Graphic genius Chris Ware designed the cover for my Crockett Johnson and Ruth Krauss: How an Unlikely Couple Found Love, Dodged the FBI, and Transformed Children’s Literature (due this September from the University Press of Mississippi). The front cover is above.  The full, wrap-around cover is below. Click on it for a larger image.  Trust me: you’ll really want to see all of the detail. It’s beautiful. It’s perfect. I’ve never been happier about one of my book covers. And for those keeping count, there are six previous books (two co-edited), all of which have striking covers. The other designers were no slouches.

But Chris Ware is a genius. And no, I am not overusing that word. But, yes, perhaps we should add a few more words to describe the cover itself. Clever. Detailed. Vivid. Art.

Full, wrap-around cover by Chris Ware for: Crockett Johnson and Ruth Krauss: How an Unlikely Couple Found Love, Dodged the FBI, and Transformed Children's Literature (forthcoming from UP Mississippi, Sept. 2012)

He’s done the cover in the style of Crockett Johnson. In the case of the girl dancing above Krauss’s typewriter, it’s Mary Blair filtered through a Crockett Johnson aesthetic; for the boy sliding own her back, it’s Maurice Sendak filtered through Johnson. (The girl is from Krauss‘s I Can Fly, illustrated by Blair; the boy is from her A Hole is to Dig, illustrated by Sendak.) Finally, Ware transforms all of these styles into something uniquely his own.

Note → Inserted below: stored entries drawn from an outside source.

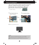 Monitoriaus prijungimas Stovo i‰ardymas 1. Ant plok‰ãio pavir‰iaus padòkite 2. Monitori˜ pastatykite ekranu Ïemyn pagalvòl´ ar mink‰tà skuduròl∞. ant pagalvòlòs ar mink‰to skuduròlio. 3. Paspaukite uωovà viduje. Stovo pagridà nuimkite nuo stovo korpuso.
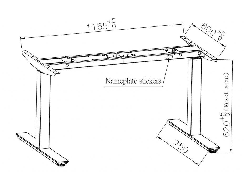 Elektrická nastavitelná podnož je pro stolovou desku v šíři: 120 až 185 cm, takže si můžete zvolit přesný rozměr v tomto rozmezí.
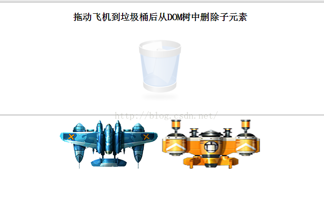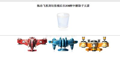模拟电脑中 ”垃圾桶“的效果, 总共显示三个小飞机,拖动着某个小飞机到垃圾桶上方后,小飞机从dom树上删除

Fans of Johnson and Krauss: Are you getting all of the references here? Would you like some help? I could fully annotate this cover, but I wonder if that would detract from the pleasure of exploring it yourself. The academic in me wants to proceed with the annotations, but the art lover wants to stay silent, so that your eyes can linger on Ware’s art, looking slowly, experiencing it on its own terms. And… the art lover wins. (No annotations.) Enjoy!

And: Thank you, Chris Ware!

14 Comments

  1. Chelsea Brimer

    Reply

    Love it! It’s absolutely perfect! Can’t wait for this to grace my bookshelves. :)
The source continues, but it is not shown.